In his Preface to Lyrical Ballads William Wordsworth wrote

I will not take upon me to determine the exact import of the promise which, by the act of writing in verse, an Author in the present day makes to his reader: but it will undoubtedly appear to many persons that I have not fulfilled the terms of an engagement ... they will look round for poetry, and will be induced to inquire by what species of courtesy these attempts can be permitted to assume that title.

When people describe their texts as poetry nowadays, what promise do they make? The traditional idea is that if a text foregrounds language more than usual, it's considered poetry. If it contains a poetic idea (Deep Image) or tries to be beautiful or moving, it's poetry. If it's short, and the culture doesn't support mini-prose, it's poetry.

"Pardoning the turkey", a poem in a Rattle issue, is by Caroline Barnes. It begins thus -

Like a priest about to bestow
a blessing, the President raised

his hand over the blue and crimson
head of the snow-white turkey,

flashed his winning smile at the cameras,
and said: By the power vested in me,

It has the layout of a poem, though the line-length is determined by a ruler more than syllable-count. The language isn't heightened, and if there's a Deep Image, it's a long time in coming. Had it been presented as prose, I wouldn't have suggested improving it by breaking it into little lines. So why was it sent to a poetry magazine and formatted as poetry?

Categorising a text as poetry is to suggest that it might have hidden depths. It's a suggestion that there might be more to the text than meets the eye, that the reader should spend a while re-reading it. Line-breaks are a way to indicate that the author wants the reader to process the text as poetry. But suppose the reader treats all short literary texts as if they need to be carefully read - what then is the point of the line-breaks? If they're given the same amount of attention as the words, can they offer any value back? Given the charitable status granted to poetry by readers, any text is likely to seem more significant when read as a poem, so I think that it's only fair to raise the bar for text with poetic pretensions.

Sometimes authors set up expectations then thwart them. For example a piece can start in one genre (comedy, say) and then surprise the reader by becoming tragedy. Or a strictly rhyming piece can slowly fall apart to match the mood. But I didn't think that's happening here.

There are two sides to promises. The author may have one notion of poetry/genre. Various audiences will have others. Especially if one's playing with expectations, it matters how you gauge your audience.

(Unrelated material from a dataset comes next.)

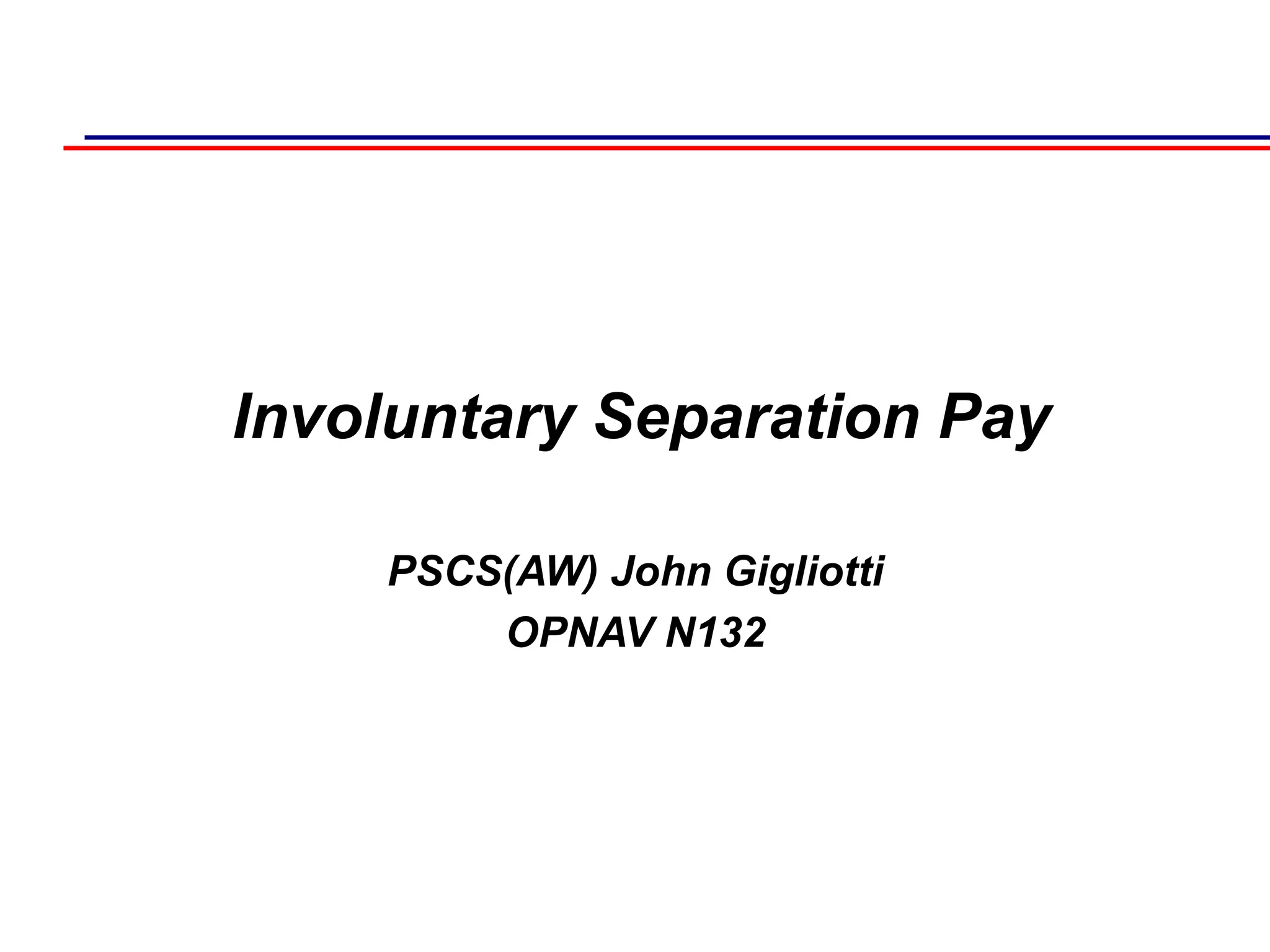 This document summarizes involuntary separation pay policies for the Navy. It defines involuntary separation and eligibility criteria, such as completing 6-20 years of service with an honorable discharge. Sailors who agree in writing to serve in the Ready Reserve for at least 3 years after separation are eligible for full separation pay. Those who do not affiliate or are not accepted receive half pay. The document outlines full pay calculation and exceptions qualifying for half pay. It also notes required SPD codes on DD-214s and that no pay is given to those retired, with less than 6 years, or voluntarily separating.

Picasso said to a friend that one day an artist would display a blank canvas. He didn't do so himself, because he didn't think the public were ready. Art and writing aren't just about having ideas, they're about timing, and identifying your audience. The text is part of a conversation. Perhaps your audience exists only in the future.

"Pardoning the turkey" might be using couplets to break lines because that's a default way to present words in poems. The line-breaks aren't meant to be expressive, nor is the enclosing white space, just as prose line-breaks and the enclosing margins aren't emotive. Perhaps the reader is supposed to ignore the format rather than be puzzled by it, because experienced poetry readers have become used to ignoring formats. Perhaps this shared understanding is the basis of the promise.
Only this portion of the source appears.